Recovery period, prognosis and possible complications after surgery
After removal of the formation, it is necessary to treat the postoperative wound every day and change the dressings. The sutures are removed on the tenth to fourteenth day after removal. After that, it is recommended to treat the wound with a solution of chlorhexidine or iodine in order to exclude the development of infectious processes.
In the first month after the operation, any physical activity is prohibited, it is undesirable to sleep on your back, and it is also necessary to exclude sitting on hard surfaces. The patient returns to the normal rhythm of life and full working capacity after five to six weeks.
This disease has a favorable prognosis. Surgical intervention performed by a qualified specialist eliminates the possible occurrence of relapses. Even an untimely visit to the doctor does not entail terrible consequences, and the coccyx cyst in advanced stages is also subject to treatment, as well as in the early stages of the disease. However, in this case, the longest rehabilitation period may be required, and the patient’s term in the hospital is significantly increased.

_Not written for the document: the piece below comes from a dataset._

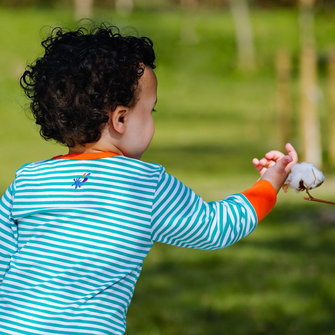 Our clothes are made from GOTS organic cotton to reduce their environmental impact and ensure fair and safe working conditions. No harmful chemicals are used in the growing of organic cotton, and it emits up to 46% less greenhouse gases than non-organic.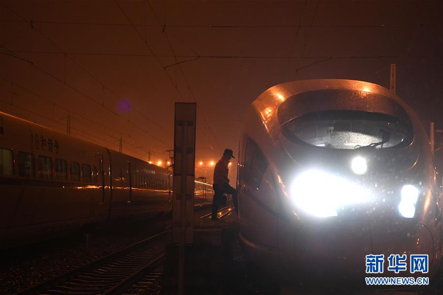 1月29日,王瑞在合肥南動(dòng)車運(yùn)用所登上一輛動(dòng)車準(zhǔn)備調(diào)車作業(yè)。新華社記者劉軍喜攝

Complications of this disease occur in very rare cases and can be:
- purulent-inflammatory damage to neighboring tissues;
- acute inflammation that has passed to healthy cellular tissues with the formation and release of pus, which does not have clearly defined boundaries;
- multiple or single fistulas;
- every eczema.
There are cases in history when a coccyx cyst has developed into an oncological neoplasm. But these are isolated cases when the development of the pathology lasted more than twenty years and during this time the patients never asked for medical help. Although such a disease caused the appearance of numerous suppurations and fistulas.
In conclusion
The coccyx cyst is a congenital disease that progresses under the influence of various external factors. Most often it develops in the male population, but it also occurs in women. Usually, such a pathology in the early stages proceeds imperceptibly and asymptomatically, therefore it is extremely important for any minor discomfort to seek the advice of a specialist. After all, the earlier such a formation is detected and removed, the less the risk of negative consequences and serious complications, and a much shorter postoperative recovery period is also required.